By Donna Furey | LB Indy
The newest artists from the Laguna art colony are a budding crop of young filmmakers, who will be showcasing their talent in south county and abroad in coming weeks.
“The AC Project,” by brothers Doug and Ryan Wekenman, Ethan Matott and Matt Fons will be shown Sunday, April 26, at the Newport Film Festival. “Shorebreak,” by producer Anthony Liuzzi, documents the evolution of skim boarding from its beginning in Laguna Beach and premieres at the Grove of Anaheim on Thursday, April 30. John Taschner has just completed his fourth film, “Gen RX,” which will open in Cannes in mid May.
Where Land Meets Sea
In “Shorebreak,” Anthony Liuzzi’s initial intent was to focus exclusively on Laguna Beach, but he gained support, through online posts from the global skim community to create a factual history of skim boarding.
Liuizzi, 26, eventually covered five continents with the help of sponsors, such as Victoria Skimboards and pros such as Brad Domke, who offered their couches and the occasional meal.
A graduate of Dominican University of San Rafael, Liuizzi customized his major to earn a degree in communication arts, English and humanities. A six-month internship followed in San Francisco with Open Eye Films, a non-profit specializing in educational non-fiction media. He also made 15 films for the national park service and has worked on two features and 20 shorts.
After interviewing over 150 athletes, including, one of the sport’s early professionals, Tom Trager now with the city’s department of Marine Safety, Liuizzi and his crew have produced a two-hour documentary, which is scheduled for screenings at five upcoming festivals. He says he made the film for the public, not for the skimming community. A skater and a surfer himself, Liuizzi is just now learning to skim. He says he wants other documentary makers to know that you don’t have to be inside a story to tell it.
To the Ends of the Earth
When a Saturday night’s plans went awry, UC Boulder students Ethan Matott and Doug Wekenmen climbed to a hilltop and made a pact to embark on a yearlong trip. “It seemed like the guys who had really taken Jesus seriously experienced life far beyond what we were doing,” said Matott, who like Wekenmen, is now a Colorado pastor.

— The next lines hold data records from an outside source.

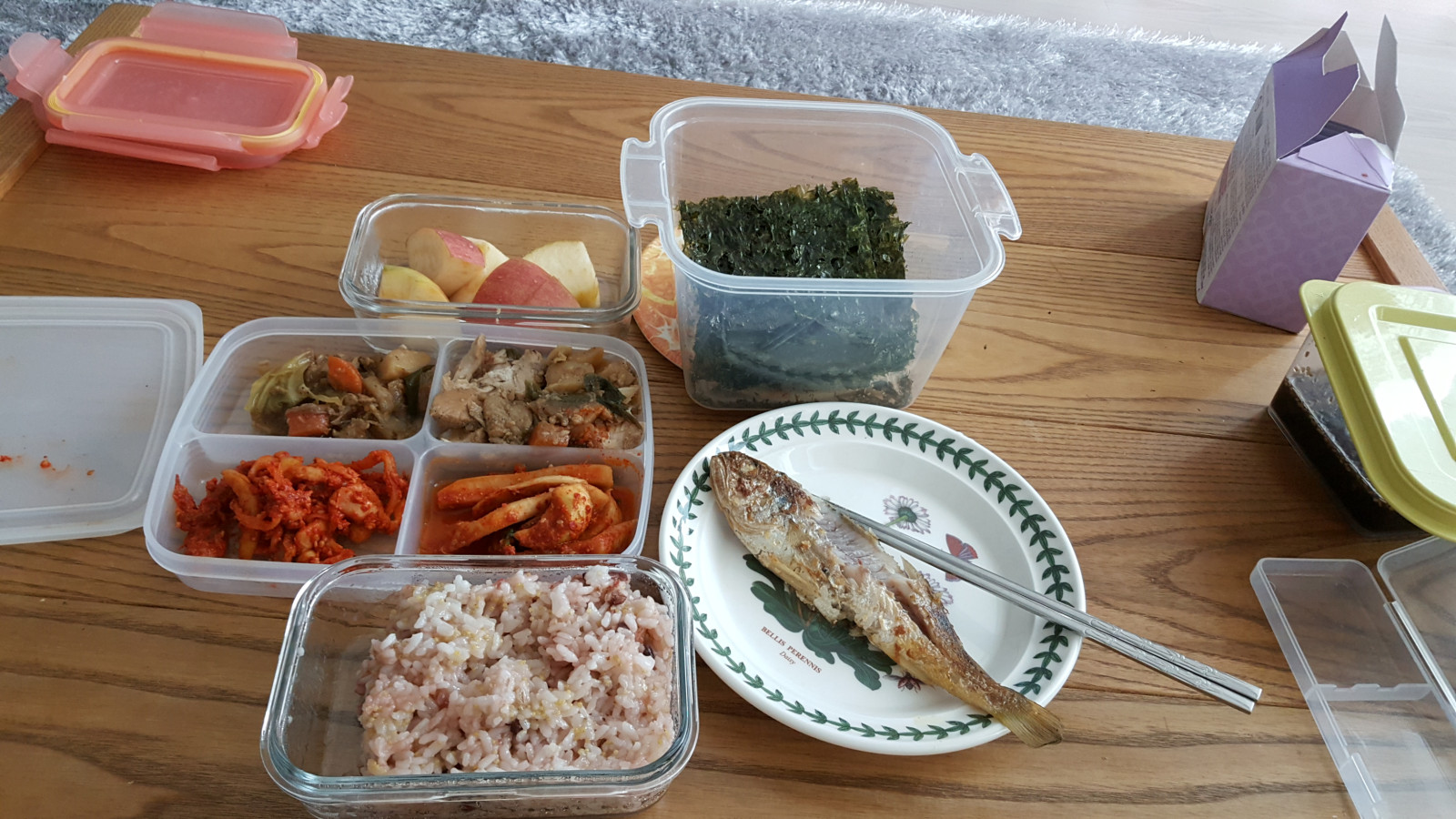 도시락에 생선도 있네요..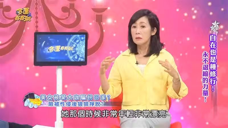 資深媒體人粘嫦鈺在《命運好好玩》透露有一位接到這位美女朋友打來的電話,洩身分「她其實有一陣子也是出來上節目,而且她還很知名的某公益團體的領導這樣」,朋友回憶,事情發生很久以前去參加活動的時候,遭到一位大咖騙拐回家。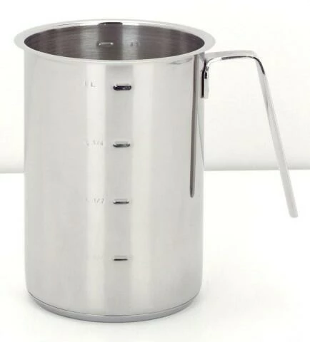 Demeyere! Dank der 3-Schichtenboden von 3,5 mm kann er auf jedem Herdtyp gebraucht werden, inklusive Induktion, und dies zum kochen und um warm zu halten. Ausserdem können Sie darin mixen ohne zu spritzen. Mit handlichem Griff, Maßanzeigen und perfektem Giessrand. Aus Edelstahl 18/10.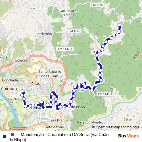 See why over 2 million users trust and consider busmaps.com as the best public transport website. busmaps gives you Coimbra Buses suggested routes, real-time bus tracker, line route maps in Coimbra, and helps to find the closest 16f bus stops near you. No internet available? Download an offline PDF map and bus schedule for the 16f bus to take on your trip.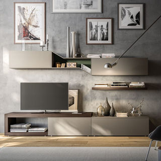 Per chi vuole un soggiorno moderno e personalizzato, grazie all'impiego di elementi, quali ripiani a giorno, pensili e basi.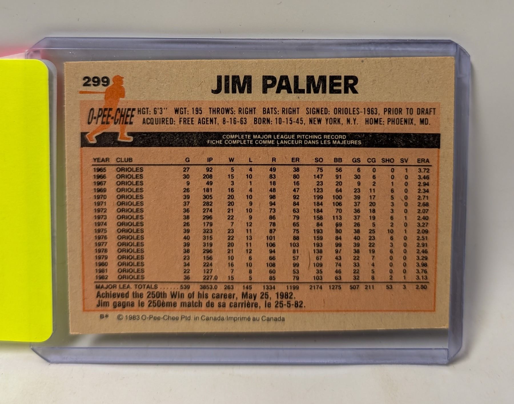 1982 OPC JIM PALMER HOF BASEBALL CARD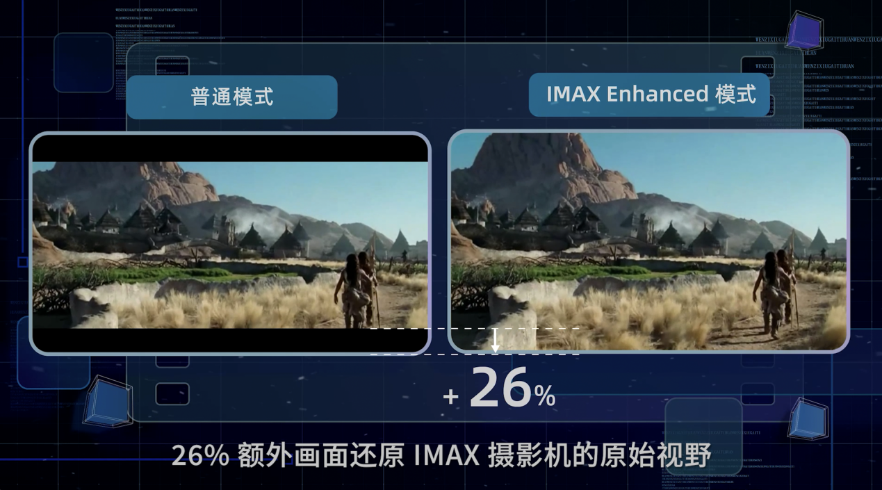IMAX Enhanced:播放大片儿时,普通 16:9 画面留有黑边,而 IMAX Enhanced 模式则扩展了26%的画面视野,全景更加完整,沉浸感大幅提升,仿佛置身 IMAX 影厅。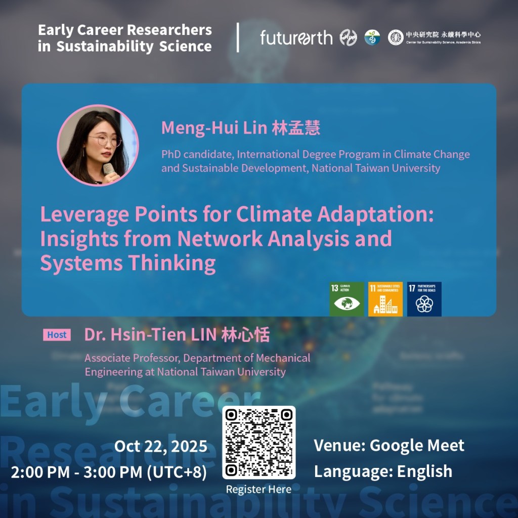 Speaker|Meng-Hui Lin 林孟慧- PhD candidate, International Degree Program in Climate Change and Sustainable Development, National Taiwan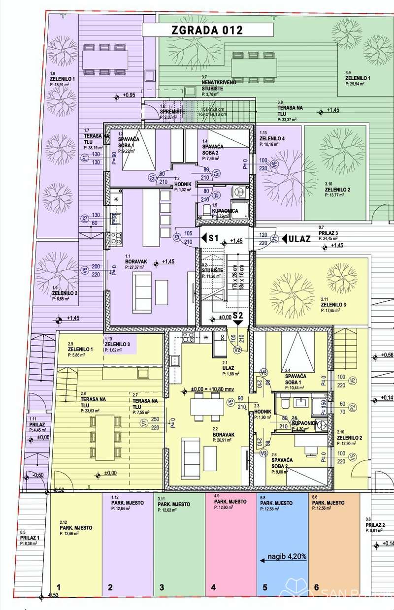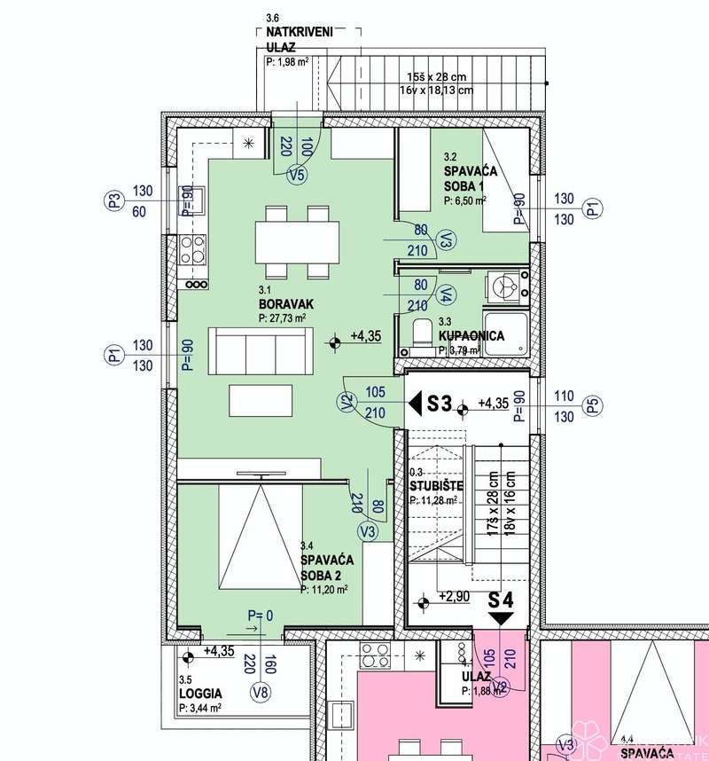 Apartment S3 - 1st Floor - Living area 49.22 m2 (2 bedrooms + bathroom) + loggia (3.44 m2) + ground floor yard and terrace with outdoor pool 3x7m (72.67 m2) + outdoor parking space PM3, total net area 66.08 m2 = €285,000 (price including VAT)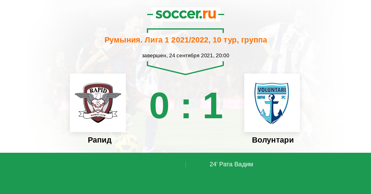 Протокол матча Рапид против Волунтари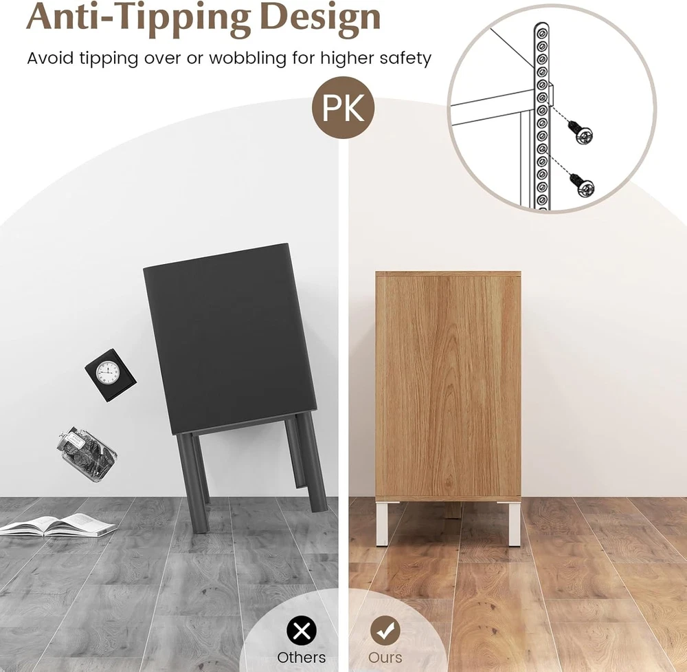 Product Description Description: This modern buffet sideboard is perfect for organizing essentials and keeping your space clutter-free. With a spacious countertop, 4 open compartments, and a 2-door cabinet, this cabinet caters to all your storage needs. And the 5-level adjustable design of the open shelves suits for items of different sizes. The sleek push-to-open design allows you to open and close the door without handle, which is more convenient. Moreover, the sturdy leg support as well as anti-tipping fitting ensure durability and safety. Whether you’re using it as a chic coffee bar cabinet, an elegant entryway organizer, or a classic dining room buffet, this sideboard is your ideal solution for sophisticated and orderly living. Features: Ample storage space for kitchenware, decorations, potted plants, books and so on 5-position adjustable shelves for items of different sizes Push-to-open design of the cabinet door for more convenience Made of high-grade material for long-term use 4 metal legs and 2 extra middle legs for strong support Anti-toppling device highly enhances safety Perfect for kitchen, living room, dining room, etc. With 2 boxes and you may receive them at different time Specifications: Color: Natural + White Material: MDF, Metal, Engineered Wood Overall Dimension: 63” x 16” x 29.5” (L x W x H) Dimension of Upper Open Shelf: 14.5” x 14.5” x 10.5” (L x W x H) Dimension of Bottom Open Shelf: 14.5” x 14.5” x 11”(L x W x H) Dimension of Inner Shelf: 31” x 14.5” x 11.5”(L x W x H) Clearance from Ground: 5” Net Weight: 105 lbs Package Includes: 1 x Buffet Sideboard 1 x Instruction On Aug 14, 2025 at 21:36:30 PDT, seller added the following information: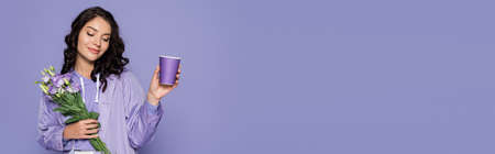 happy young woman in raincoat holding bouquet of flowers and paper cup isolated on purple, banner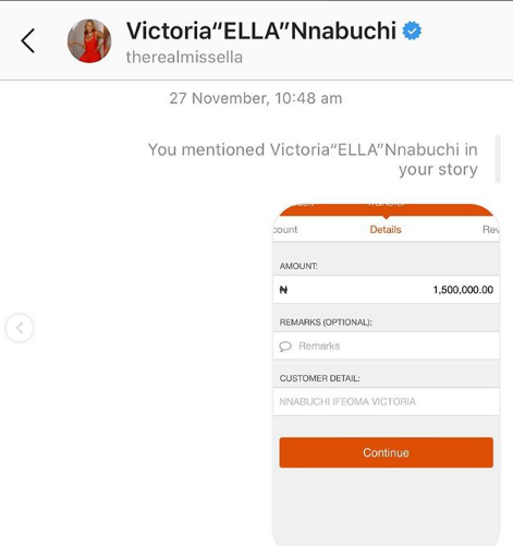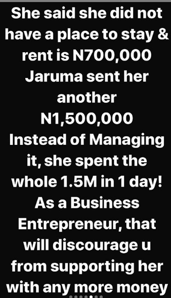 Jaruma, who aided Ella out with N600,000 when she made a cry out over her mother’s health, revealed she gave Ella another N1.5 million after she cried out to her on needing the sum of 700 thousand naira for her house rent.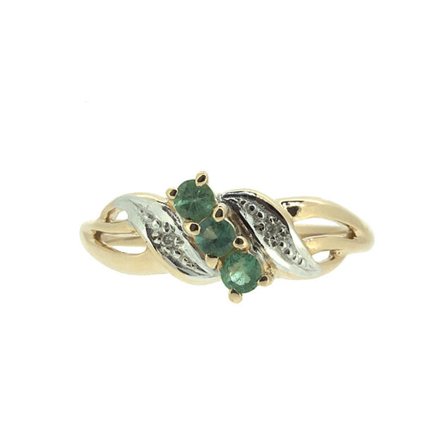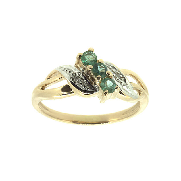 Элегантное и довольно скромное изумрудное кольцо с мелкими бриллиантами полной огранки. Не очень тонкое, воздушное кольцо с изумрудами, расположенными чуть выше остальных частей кольца.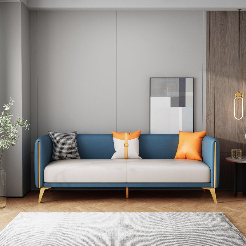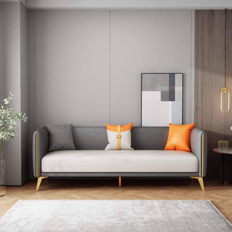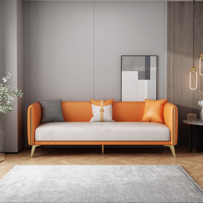 Glam Style 27.55" Wide Faux Leather 3 Seater Tuxedo Arm Sofa with Pillows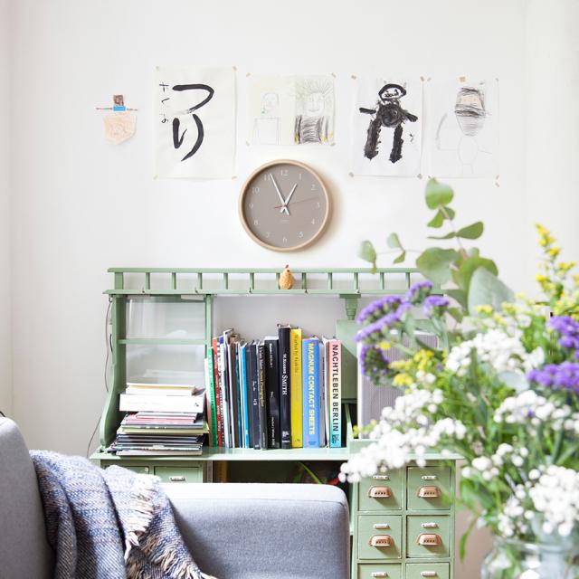 ポピュラーなホワイト、空間のアクセントにもなるマスタードイエロー、グレイッシュで上品な印象のグレージュ、ブルーグレーの4カラー。真鍮色や銅色の秒針が盤面のアクセントになっています。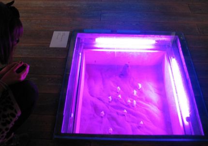 «Космос ошибок не прощает» – это еще и космос масс-медиа, который отделен от зрителя вдвойне, не только стеклом иллюминатора или скафандра, но и проекцией на мониторе. Легендарная история о том, что высадки американских астронавтов не было, а показанные всему миру телевизионные кадры были сняты в голливудском студийном павильоне, известна всем. Объекты на выставке Фишерса укрепляют это сомнение в реальности космоса и подозрение в его тотальной придуманности – художник собирает инсталляции с фигурками космонавтов из набора игрушек, подсвечивает их синим или красным светом и усиливает впечатление «неземным» звуком. Тот же ракурс, что в объектах с космонавтами-солдатиками, используется и в живописи: очень маленькая фигурка космонавта внутри пустынного и условного пейзажа на многих картинах напоминает о «Космической одиссее 2001 года» Стенли Кубрика.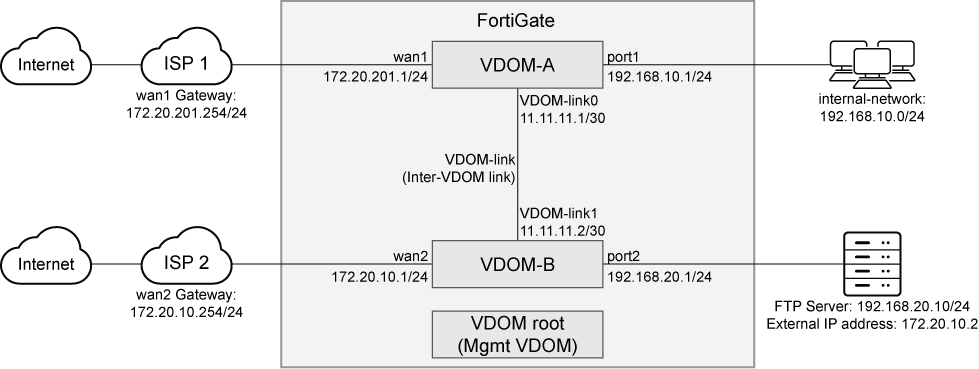 You can use VDOMs in either NAT or transparent mode on the same FortiGate. By default, VDOMs operate in NAT mode. In this example, both VDOM-A and VDOM-B use NAT mode. An inter-VDOM link is created and inter-VDOM routes configured to allow users on the internal network to access the FTP server.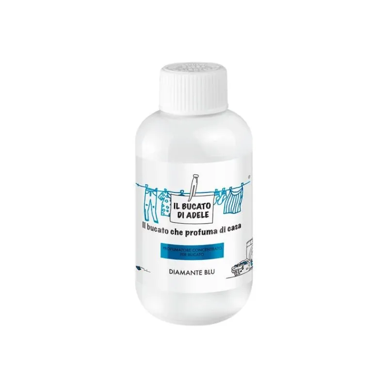 Il Bucato di Adele Wasparfum 150ml Blauwe Diamant. Een sterke en energieke geur, ideaal als je op zoek bent naar een intense en langdurige geur, die je kleding altijd fris en geurig maakt, alsof ze net gewassen zijn.Perfect voor degenen die nooit tevreden zijn en lef en karakter willen overbrengen, zelfs door het parfum dat ze dragen.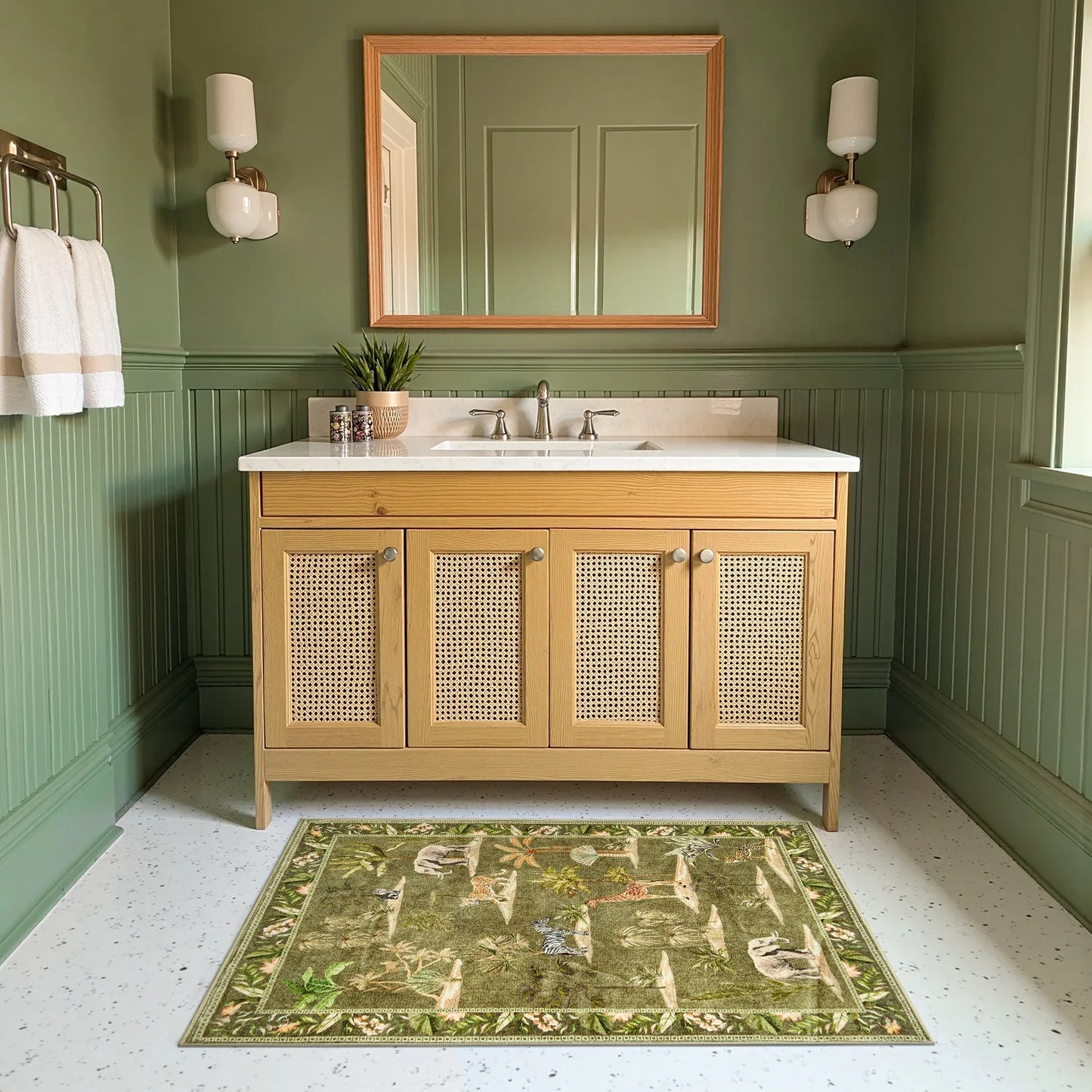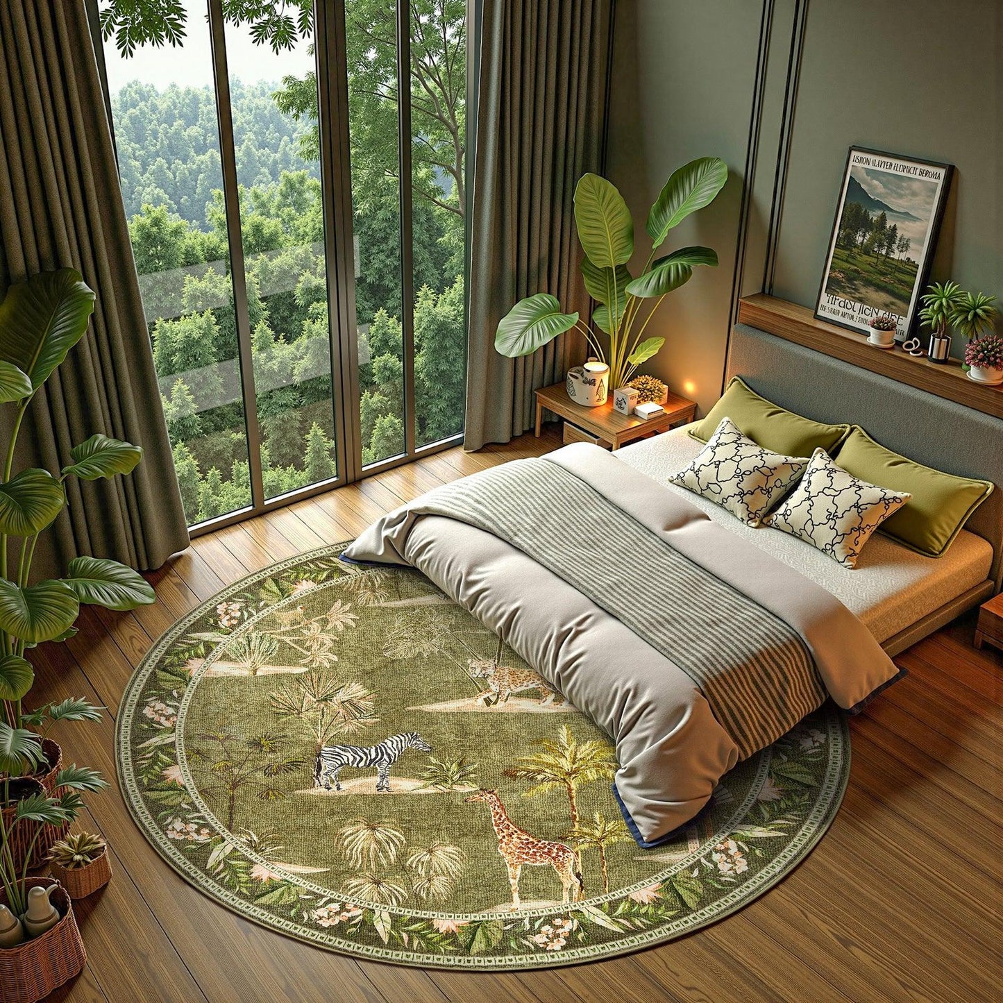 Playful Jungle Animal Design: Add a lively touch to your home with our Jungle Animals Rug. Its charming nature-inspired patterns complement modern interiors while bringing a fun, playful vibe to any room.
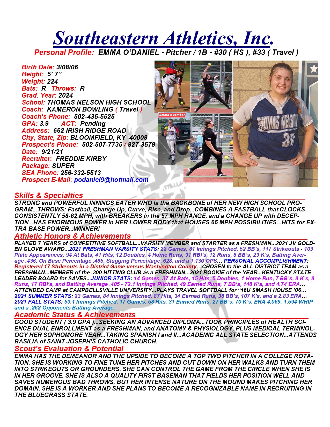 Emma O’Daniel, 2024, Pitcher / 1B, Thomas Nelson HS, KY

Counseled to become a doctor and go for the “white picket fence” life, Wekenmen instead solidified his plans with Matott, and recruited his brother Ryan and one of his friends for a 10 country, five continent adventure.
Since all four had lived in Laguna Beach at one point and worked with Youth Director Sam Ellis of Little Church by the Sea, they made Laguna base camp for two years to plan their trip.
Their itinerary was set by those who replied to an email sent to churches around the globe. “We’re four guys with strong backs. Can you use us?”
They left behind everything familiar and set off with two cameras for Haiti, where they ministered to prisoners and helped build a new village for refugees. They went on to the Dominican Republic, Belize, Fiji, India, Uganda, Burundi and Zambia, ministering and adventuring along the way.
The four returned to write and edit the 100 hours of film footage and enlisted freelance director and editor Brandon Lied to help produce what became “The AC Project: To the Ends of the Earth.” It is inspired by the Bible’s Book of Acts and a chapter in the gospel of Matthew, which dictated that the disciples should go to the ends of the earth and share the love of Jesus, said Doug Wekenman, now pastor of Red Rocks Church in Denver.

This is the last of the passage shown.